Description of the task:
Find "Asbest, yangın önleyici, ısı" and "The apartment is" in the records below. Copy the lines holding them and every line between, exactly, and no others.

Collected data entries:

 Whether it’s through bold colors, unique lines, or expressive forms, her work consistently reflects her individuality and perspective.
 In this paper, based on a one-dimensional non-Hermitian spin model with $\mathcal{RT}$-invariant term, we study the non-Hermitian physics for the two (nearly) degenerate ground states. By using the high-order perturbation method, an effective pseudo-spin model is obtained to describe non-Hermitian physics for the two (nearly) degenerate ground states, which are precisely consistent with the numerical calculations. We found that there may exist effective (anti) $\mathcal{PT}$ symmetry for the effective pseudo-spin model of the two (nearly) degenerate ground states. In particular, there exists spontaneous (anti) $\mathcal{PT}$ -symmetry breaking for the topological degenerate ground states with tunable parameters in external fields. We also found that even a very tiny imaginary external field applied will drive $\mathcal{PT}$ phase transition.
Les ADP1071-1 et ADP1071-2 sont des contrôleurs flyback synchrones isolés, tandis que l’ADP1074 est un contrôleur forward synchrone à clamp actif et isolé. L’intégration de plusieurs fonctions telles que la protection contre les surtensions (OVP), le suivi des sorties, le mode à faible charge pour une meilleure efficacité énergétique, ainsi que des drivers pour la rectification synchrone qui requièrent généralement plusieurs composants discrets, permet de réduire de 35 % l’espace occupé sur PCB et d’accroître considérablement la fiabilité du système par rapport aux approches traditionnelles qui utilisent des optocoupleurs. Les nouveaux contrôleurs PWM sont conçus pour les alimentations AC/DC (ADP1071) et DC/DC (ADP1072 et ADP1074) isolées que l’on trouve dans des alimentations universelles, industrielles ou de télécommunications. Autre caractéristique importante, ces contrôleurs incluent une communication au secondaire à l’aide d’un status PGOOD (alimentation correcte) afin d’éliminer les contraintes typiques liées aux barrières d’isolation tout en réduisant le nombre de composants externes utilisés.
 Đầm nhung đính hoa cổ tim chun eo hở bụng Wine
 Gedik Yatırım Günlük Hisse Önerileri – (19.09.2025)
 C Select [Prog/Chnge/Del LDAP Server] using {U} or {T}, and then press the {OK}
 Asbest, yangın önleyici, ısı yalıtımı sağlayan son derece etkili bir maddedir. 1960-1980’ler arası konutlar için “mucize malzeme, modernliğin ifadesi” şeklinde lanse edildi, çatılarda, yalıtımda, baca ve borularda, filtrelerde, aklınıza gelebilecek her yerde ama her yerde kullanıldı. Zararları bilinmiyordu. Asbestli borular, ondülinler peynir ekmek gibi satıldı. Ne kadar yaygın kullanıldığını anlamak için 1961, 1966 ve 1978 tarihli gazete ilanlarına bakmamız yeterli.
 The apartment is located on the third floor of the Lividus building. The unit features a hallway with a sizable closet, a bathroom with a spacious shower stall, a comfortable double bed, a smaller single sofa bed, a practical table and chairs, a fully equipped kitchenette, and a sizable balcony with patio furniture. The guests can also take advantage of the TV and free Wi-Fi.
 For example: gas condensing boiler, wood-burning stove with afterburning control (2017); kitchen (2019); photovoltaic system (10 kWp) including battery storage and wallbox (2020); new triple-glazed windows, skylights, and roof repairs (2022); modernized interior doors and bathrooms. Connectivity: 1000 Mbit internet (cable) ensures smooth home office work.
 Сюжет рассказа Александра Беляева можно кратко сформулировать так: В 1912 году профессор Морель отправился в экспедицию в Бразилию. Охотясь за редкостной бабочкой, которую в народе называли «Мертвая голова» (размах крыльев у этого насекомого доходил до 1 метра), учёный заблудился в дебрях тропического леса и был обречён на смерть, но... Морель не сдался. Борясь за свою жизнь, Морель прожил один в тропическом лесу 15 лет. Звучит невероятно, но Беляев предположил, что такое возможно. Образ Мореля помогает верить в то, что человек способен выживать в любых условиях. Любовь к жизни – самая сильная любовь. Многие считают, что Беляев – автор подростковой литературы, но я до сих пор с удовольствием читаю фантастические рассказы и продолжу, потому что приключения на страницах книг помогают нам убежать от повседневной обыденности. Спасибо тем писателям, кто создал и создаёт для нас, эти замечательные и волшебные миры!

Response area:
 Asbest, yangın önleyici, ısı yalıtımı sağlayan son derece etkili bir maddedir. 1960-1980’ler arası konutlar için “mucize malzeme, modernliğin ifadesi” şeklinde lanse edildi, çatılarda, yalıtımda, baca ve borularda, filtrelerde, aklınıza gelebilecek her yerde ama her yerde kullanıldı. Zararları bilinmiyordu. Asbestli borular, ondülinler peynir ekmek gibi satıldı. Ne kadar yaygın kullanıldığını anlamak için 1961, 1966 ve 1978 tarihli gazete ilanlarına bakmamız yeterli.
 The apartment is located on the third floor of the Lividus building. The unit features a hallway with a sizable closet, a bathroom with a spacious shower stall, a comfortable double bed, a smaller single sofa bed, a practical table and chairs, a fully equipped kitchenette, and a sizable balcony with patio furniture. The guests can also take advantage of the TV and free Wi-Fi.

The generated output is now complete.